The only way to fix your issue is to move the sight closer to your eye. This will decrease pin gaps, but also probably require a change to a 1/4" peep to get it to "halo".

This works by decreasing the sight radius.

I am a 29.5 draw and shooting 540gr arrows at 58 lbs at about 240fps. I had to move my sight to the set of holes as close to the riser as possible to get the gaps to work for me. It still hits 1" low at 50, but it's plenty good to hunt with.


----------



## Mopar2ked (Jul 31, 2011)

As stated above, Trophy Ridge site and confirmed by email from customer service. React sight requires min speed of 240fps to work as advertised.


----------



## metoo (Sep 18, 2012)

Update:

I went to the local shop and told him of my troubles. He flipped the mount and installed a new 3/16" peep. I sighted in the 20 at the shops indoor range having no confidence that what he did would make any difference at further distances. I went home and sighted it for 30 yards and I still had room to move the pins down if needed. I went to 50 and was only shooting a hair low. I make the pin adjustment and I was on. I went in to 40 then 30 and they too were on target as well. So, I'm in business. I didn't have the opportunity to test 60 yards, but I'm happy I don't have to sell my sight.


----------



## lbecker26 (Nov 25, 2011)

so i'm shooting a pse stinger 55or so lbs a 500 spine arrow with blazers and 1g tips. draw length is 26 would this sight work for me at that setup?


----------



## WEEGEE (Oct 13, 2007)

Now I have it mounted with the next-to-closest set of holes


move it to the closest set of holes this will tighten up your pin gaps.
move sight so you 20 yrd. pin is to the top of your sight too.


----------



## lbecker26 (Nov 25, 2011)

i'm hoping this sight will work with my setup i'm ordering it today loll


----------



## "Own More Bone" (Oct 18, 2002)

I reversed my mount also to get the sight set at 60... Then I peeled the "elk' decals off and remounted them right side up.. Great sight..


----------



## huey1965 (May 23, 2007)

Got any pictures ?


----------



## Square_Dancer (Nov 12, 2012)

I just got this sight. I had to reverse the mount as well, otherwise I was shooting in the dirt. 
Great, great sight once you get it zeroed in at 20, 30, and then 40. My first shot at 50 yards was a direct bulls eye. Wow


----------



## destroyerb784 (Dec 21, 2011)

I really like the sight but mine is not straight when mounted on the bow the housing leans to the right and I don't think there is any adjustment for this. ????


----------



## 04razortec (Apr 21, 2013)

destroyer, u need 2 large dia. flat washers between sight and riser


----------



## trepador (Feb 8, 2013)

i got the opposite problem to the op on my 2012 80 pound pse evo , set the 20 yard pin then the 30 yard pin and all the other yardages my arrow hits high on the target , i have the same sight on my anarchy and it works as it should .


----------



## old44 (Jan 6, 2011)

This sight doesn't work on bows shooting less than 240fps, you need to get a lighter arrow to pick up more speed.


----------



## Bigjohn141 (Sep 5, 2013)

I think you misread his comment.
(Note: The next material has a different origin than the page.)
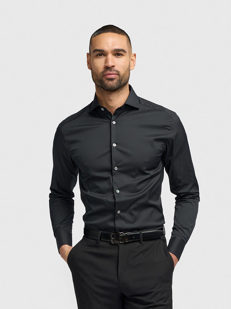Ontdek het Monaco overhemd in zwart. Slim fit, gemaakt van 70% Tencel en 30% katoen. Stijlvol, comfortabel en veelzijdig voor zowel formele als casual looks. | Het Monaco overhemd in zwart is vervaard Meer info →
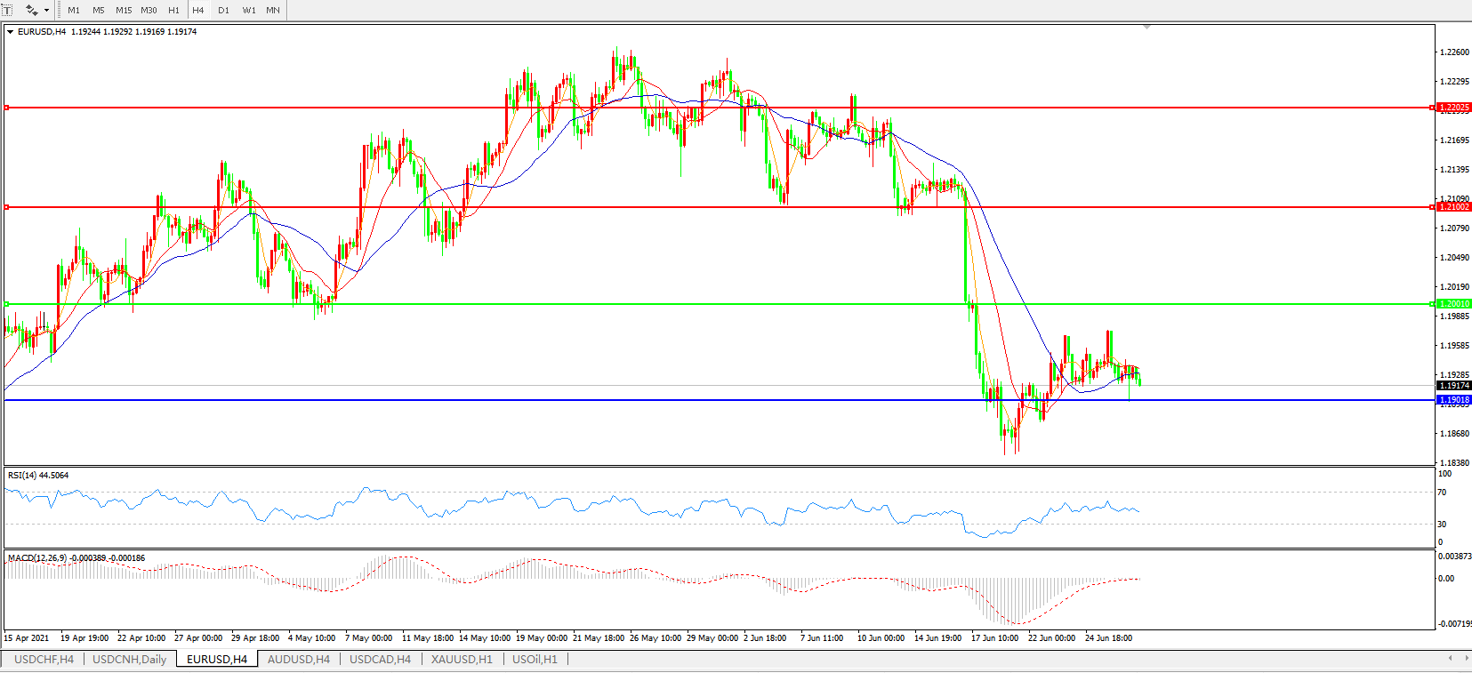欧元兑美元EURUSD   4小时图:

He is shooting a newer bow at 80# and it is shooting too fast for the sight. The only suggestion is heavier arrows or drop the weight to slow the arrows down.


----------



## Full draw DNA (Aug 18, 2013)

I'm shooting a PSE DNA at 30" 60 pounds. Powerflite 340 spine total weight about 450 grains.
The React, got it , shot it, love it.
Dialled in 10, then up to 50 as the bottom pin.
I have had to move it as far from the bow as possible for any pin gap.
I might have to change from 10, 20, 30, 40, 50 metres
to 20, 40, 60, 80.
DNA + React = Nail driver.
I think it makes me shoot better?
Only issue I have is that the sight window is huge, perhaps Trophy Ridge might consider making a version with a 1.5 inch window for quick bows.
Great sight.


----------



## ridgehunter70 (Sep 30, 2012)

Mopar2ked said:


> Move sight closer to the riser and install larger peep. The farther away sight is the more pin gap you have for each yardage.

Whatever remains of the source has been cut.